The data presented here suggest that tetrameric interactions, especially A/C interactions, assist in the proper folding of eqFP611. The participation of these comparatively weak interactions in folding might also be indicated by the finding that functional eqFP611 expression in mammalian cells is only possible up to 30°C:¹⁴ with increasing temperature, the already weak interfacial interactions will be further weakened for entropic reasons. If these interactions are indeed crucial for proper folding, expression of functional eqFP611 will become impossible above a certain temperature. For the sea anemone Entacmaea quadricolor, from which eqFP611 was isolated, thermosensitivity is probably without biological significance, as temperatures around 30°C are rarely exceeded in its habitats in the Red Sea and the Indopacific.²⁹

A variant of the weakly dimerizing GFP from Aequorea victoria from the colder, Northwestern Pacific waters was transformed by altering a few amino acids into a true monomer that folds properly at 37°C.³⁰ This proves that the proper β-can fold can, in principle, be obtained without the assistance of subunit interactions also at higher temperatures. Given the great sequence variability of GFP-like proteins found in nature,³¹ a monomeric structure could have easily evolved by natural mechanisms.
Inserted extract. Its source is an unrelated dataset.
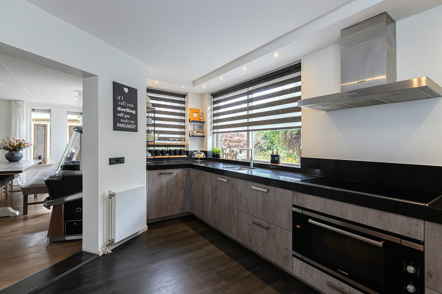 De halfopen keuken heeft een stoere, houtkleurige inrichting met een zwart composiet werkblad (2016). De keuken is slim ingedeeld met een apparatenwand en voorzien van moderne inbouwapparatuur: een inductiekookplaat, combimagnetron, oven, koelkast, vriezer, afzuigkap, quooker en een close-in boiler. De PVC-vloer en inbouwspotjes in het plafond versterken het moderne karakter, terwijl het uitzicht op de achtertuin het geheel compleet maakt.

The majority of nonbioluminescent, anthozoan GFP-like proteins, however, exist as tight tetramers.²⁵ One may, therefore, speculate that this feature evolved because it can fulfill a special biological function. Campbell et al. proposed that the chromophores in the tetramers are better protected from photobleaching under strong tropical light.¹³ This assumption is in agreement with a photoprotective function of these proteins that was suggested earlier for anthozoans living in symbiosis with unicellular algae (zooxanthellae).^{8 9} However, red fluorescent Discosoma species, from which the strongly tetramerizing DsRed was isolated, settle typically in lower light habitats in nature and, furthermore, suffer from high light intensities in captivity.^{32 33} Moreover, we demonstrated recently that tetrameric GFP-like proteins also occur in temperate, azooxanthellate anthozoa species living in habitats with low or no light stress.¹¹ Therefore, no clear picture exists concerning the biological function(s) of GFP-like proteins and the mechanisms of how, for example, a photoprotective effect is achieved in some cases. The tetrameric structure, however, probably plays an important role.